Getting voltage readings on your IC's isn't a terrible idea if you have a DMM.  As for using the audio probe you need to be methodical and following the audio path.  It looks like you revised what you wrote a bit from earlier today to be a bit more thought out, which is great.  When you're looking at something like the pots where you say you have no single on a particular pin, note what that pin does.  It might be VCC/VREF or GND in which case not seeing audio signal there is expected.  There are other places where looking for audio signal is unnecessary like IC3 and IC6 and wherever they connect since those are voltage regulators.  The attack pot regulates voltage to ground, do no audio there makes sense.

If you're looking at a component in the middle of the audio path like R19 or C2 obviously you'd expect to hear something on both sides and if you're not, reflowing the joint to make sure it's actually connected and if that's good, looking for an accidental short to ground is probably next.  Saying left/right doesn't really help since the orientation of the resistor doesn't necessarily correspond to the orientation in the schematic.  Print yourself out a copy of the schematic or use a graphics program to work through it use a highlighter or something to note places where you have signal and where you don't, or where you find something you think is unexpected.  That'll help make the picture clearer.  I think you're looking in the right area for the problem, being somewhere between the PT2399 and the Belton brick.  If you have additional PT2399 chips trying those might be in order as well.


----------



## psicobam (Jul 16, 2022)

flemming said:


> So I'll bite on this a bit.  The photos aren't really helpful since we can't see the backside.  From what I can see though I have some general comments.  On the top side of the board some of those joints appear to be a little dry.  Ideally the solder should come through the board and be visible and bond with the opposite pad as well as climb up the leg of the component a bit.  Just because it doesn't look that way in the photo doesn't mean that it doesn't or that the connection is bad, but it might indicate that some joints aren't as solid as they should be.  The bits we can see on the bottom look okay.  You could probably bend the belton brick out of the way to get a better picture.  In the places you have used wire some of those connections look like there's a bit of bare wire showing and on the pot there's some extra wire that could use a trim so that it doesn't short on something when you put it back into the enclosure.
> 
> Getting voltage readings on your IC's isn't a terrible idea if you have a DMM.  As for using the audio probe you need to be methodical and following the audio path.  It looks like you revised what you wrote a bit from earlier today to be a bit more thought out, which is great.  When you're looking at something like the pots where you say you have no single on a particular pin, note what that pin does.  It might be VCC/VREF or GND in which case not seeing audio signal there is expected.  There are other places where looking for audio signal is unnecessary like IC3 and IC6 and wherever they connect since those are voltage regulators.  The attack pot regulates voltage to ground, do no audio there makes sense.
> 
> If you're looking at a component in the middle of the audio path like R19 or C2 obviously you'd expect to hear something on both sides and if you're not, reflowing the joint to make sure it's actually connected and if that's good, looking for an accidental short to ground is probably next.  Saying left/right doesn't really help since the orientation of the resistor doesn't necessarily correspond to the orientation in the schematic.  Print yourself out a copy of the schematic or use a graphics program to work through it use a highlighter or something to note places where you have signal and where you don't, or where you find something you think is unexpected.  That'll help make the picture clearer.  I think you're looking in the right area for the problem, being somewhere between the PT2399 and the Belton brick.  If you have additional PT2399 chips trying those might be in order as well.


First of all I want to thank you to spend this time to help me.

I have to say that after reflowing most of the connexions like you said, and now everything works!! It sounds great!!

My only question is about the PT2399 IC, because some legs still make this kind of bitcrushy noise and don't know if its normal or not.
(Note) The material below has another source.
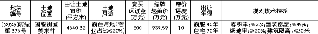 三、挂牌起始价格包括建设用地使用权出让金,不包括交易过程中应缴纳的税费。

Right now i have 1, 2, 3, 4, 5, 6, 10, 11, 13 and 16 that have no audio signal. As you said it makes sense that legs 1 to 6 have no audio signal because are VCC/VREF or GND. About 10, 11, 13 and 16, all of them are IN, but really don't know if its normal to not have signal, because their respective OUTs have. Lega 9, 12, 14 and 15 have a wet kind of distorted audio signal (don't know if this small distortion is normal, but at the end of the circuit doesn't sound like this). Legs 7 and 8 have a wet and really distorted audio signal (don't know if its normal but I bet it is because those go directly to ground). Attached you'll find the diagram of the PT2399 if it says something to you. 
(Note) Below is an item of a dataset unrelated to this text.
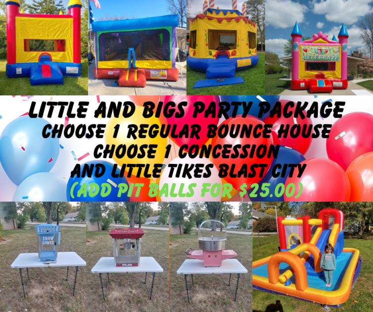 Little Tikes Blast CityLittle and Bigs Party Package:Little Tikes Blast City1Dropdown12743265_32595811100 Our Little Tikes Blast City indoor/outdoor Bounce House Combo is perfect for your little ones who just aren't big enough to use the Big Bounce House's. Blast City offers a Bounce House that's easy for smaller children to climb on, Safety netting with parent access, a Climbing Wall up to an enclosed Wet/Dry Slide, with a Pool surrounding it all. And to add a little extra fun, the Blaster Cannon at the bottom of the slide can be sprayed. This Blast City Combo is for 2 to 6 year old's. If Combo is used Dry we offer 1000 plastic pit balls for the pool at an additional $25.00 cost.
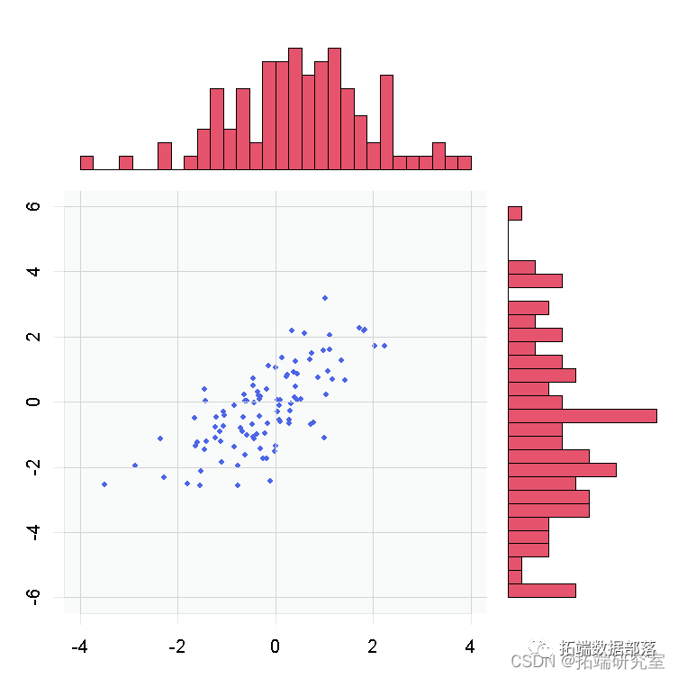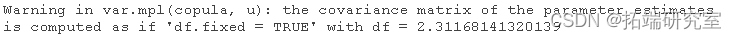 请注意,数据必须通过函数pobs()输入,该函数将真实观测值转换为单位平方[0,1]的伪观测值。

About R10 and R11 everything still the same. One leg sounds and not the other. I don't know how to know which one on the circuit is number 1 or 2 on the diagram, either if it's normal that one leg has sound and not the other, but I can imagine it is okey as the pedal is working. 

I think the pedal is working good now, every pot makes its work and sounds clean, but if you see something wrong or strange please let me know before I place it in the enclousure again. I attatch the picture from the back side of the PCB. 





Now I'm gonna follow all your tips for next buildings (I have still 7 to do haha). Do you have any tip to cover some wire bonds to avoid shorts without actually undo the connection and resoldering?

Thank you all, I have learned a lot this days because of your help!


----------



## flemming (Jul 16, 2022)

I went and dug out my spirit box build and put a probe to it and I think you're good to go.  I too see the save behavior with R10/R11 and while I might not use the same terms to describe what I'm hearing at the various PT2399 pins, where I'm hearing things matches up.  In my case I'd call pins 12/14 slightly delayed and not distorted.  But then again maybe you don't mean actual distortion.  Good work getting it fixed.


----------



## psicobam (Jul 17, 2022)

> flemming said:
> 
> 
> > I went and dug out my spirit box build and put a probe to it and I think you're good to go.  I too see the save behavior with R10/R11 and while I might not use the same terms to describe what I'm hearing at the various PT2399 pins, where I'm hearing things matches up.  In my case I'd call pins 12/14 slightly delayed and not distorted.  But then again maybe you don't mean actual distortion.  Good work getting it fixed.


Hi!! Thanks for answering. It's good to know that yours works the same. About the slight distorition in pins 12/14, it's kind of a bitcrusher, but not really hard and it's delayed as yours. Maybe it's just because we have different PT2399. But now it sounds good.

Anyway, now I'm having another problem haha. Everything works perfect out of the enclousure, but when I place the jacks in its position, effect stops working. Should be some short arround, but can't find it. When this happens, should I search on the jack connections or maybe some other places to check?

EDIT: Just solved, really didn't find exactly where it was, but rechecking all connections worked well.


----------